I don't have a problem with unticking "Require admin password to install or update apps" in Configuration Profiles but I'd need a way to keep on top of unauthorised app installations if I was to go ahead with that.

blackholemac
Valued Contributor III

@jcarr I'm not a lawyer either but pushing them out with a remote system after having it downloaded on a master is actually how Apple recommended getting Apple apps out to a fleet when the App Store first debuted.

This article at Apple covered the procedure (link still works but Apple notes that this is an archived article that is no longer updated): https://support.apple.com/en-us/HT201115

The act of packaging itself might violate some contract, but it's interesting that they actually used to recommend deploying this way before fancy new acronym tools were avaiable.

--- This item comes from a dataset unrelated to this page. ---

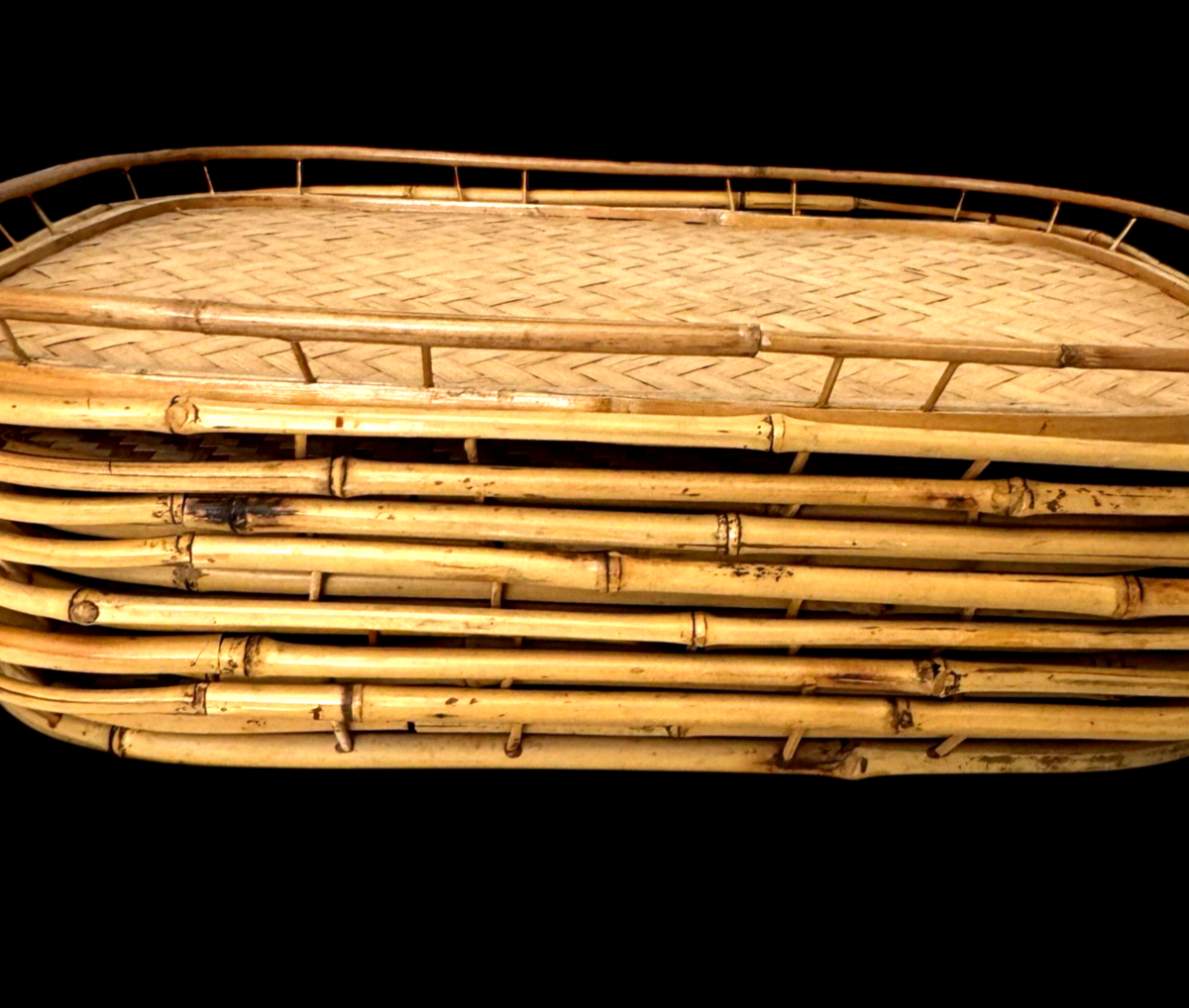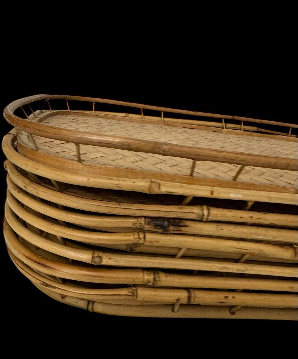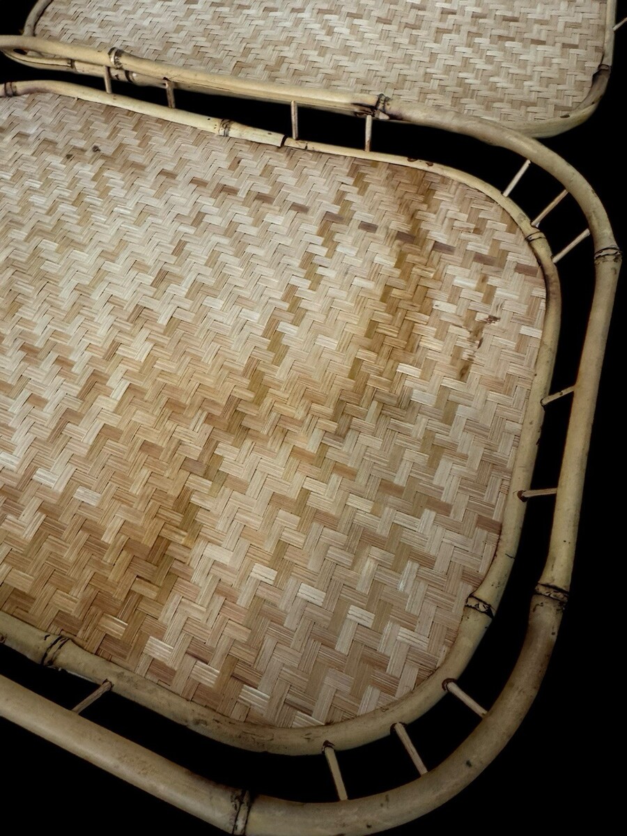 Vintage Bamboo Rattan Serving Tray Set 8 Rectangular Woven Raised Rim Tiki Boho

The technique still works but is ill-advised as Device-based VPP is so much better and Apple may start implementing receipt checking at any time on their apps. It only works now because they don't. We had to use it though because we used to have the AELP program where we would get one download code but a legal agreement saying to use it up to our licensed amount. It took some pain, but I finally got Apple to convert those old agreements to device-based licensing.

DanJ_LRSFC
Contributor III

Update:

I unticked "Require admin password to install or update apps" in Configuration Profiles and now users aren't prompted for admin credentials. However, what does happen is the Mac App Store comes up with "Cannot Connect to App Store".

Is this likely to be related to "Restrict App Store to MDM installed apps and software updates"? As we have that ticked as well.

EDIT: actually never mind, there was an issue with that particular Mac.